## Input
[Start of section]
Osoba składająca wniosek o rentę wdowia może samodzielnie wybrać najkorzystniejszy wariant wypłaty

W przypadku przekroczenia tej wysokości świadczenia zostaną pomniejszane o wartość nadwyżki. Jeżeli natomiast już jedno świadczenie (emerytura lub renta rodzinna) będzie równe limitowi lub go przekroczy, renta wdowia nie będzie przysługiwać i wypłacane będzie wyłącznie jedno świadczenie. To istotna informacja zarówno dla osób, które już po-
[End of section]
[Start of section]
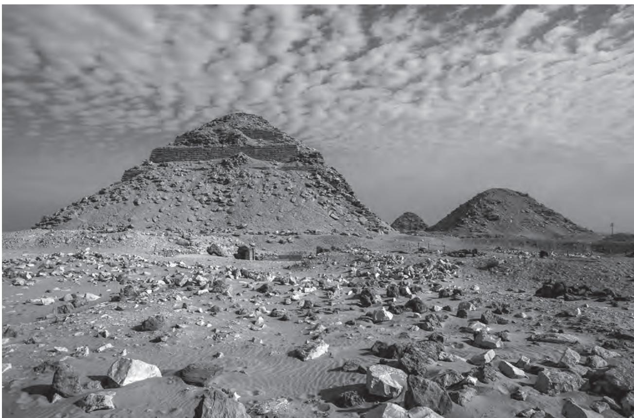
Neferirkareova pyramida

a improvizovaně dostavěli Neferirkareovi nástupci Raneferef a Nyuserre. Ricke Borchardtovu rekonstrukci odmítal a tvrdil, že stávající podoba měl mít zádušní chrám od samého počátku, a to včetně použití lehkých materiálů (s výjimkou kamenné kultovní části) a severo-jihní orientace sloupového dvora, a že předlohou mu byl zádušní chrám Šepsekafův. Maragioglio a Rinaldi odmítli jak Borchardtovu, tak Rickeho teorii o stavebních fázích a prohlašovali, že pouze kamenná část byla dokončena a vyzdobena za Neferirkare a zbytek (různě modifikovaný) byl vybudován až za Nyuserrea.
[End of section]
## Task statement
From the data above, copy each line that has the string "wdowia".

## Result for this task
Osoba składająca wniosek o rentę wdowia może samodzielnie wybrać najkorzystniejszy wariant wypłaty
W przypadku przekroczenia tej wysokości świadczenia zostaną pomniejszane o wartość nadwyżki. Jeżeli natomiast już jedno świadczenie (emerytura lub renta rodzinna) będzie równe limitowi lub go przekroczy, renta wdowia nie będzie przysługiwać i wypłacane będzie wyłącznie jedno świadczenie. To istotna informacja zarówno dla osób, które już po-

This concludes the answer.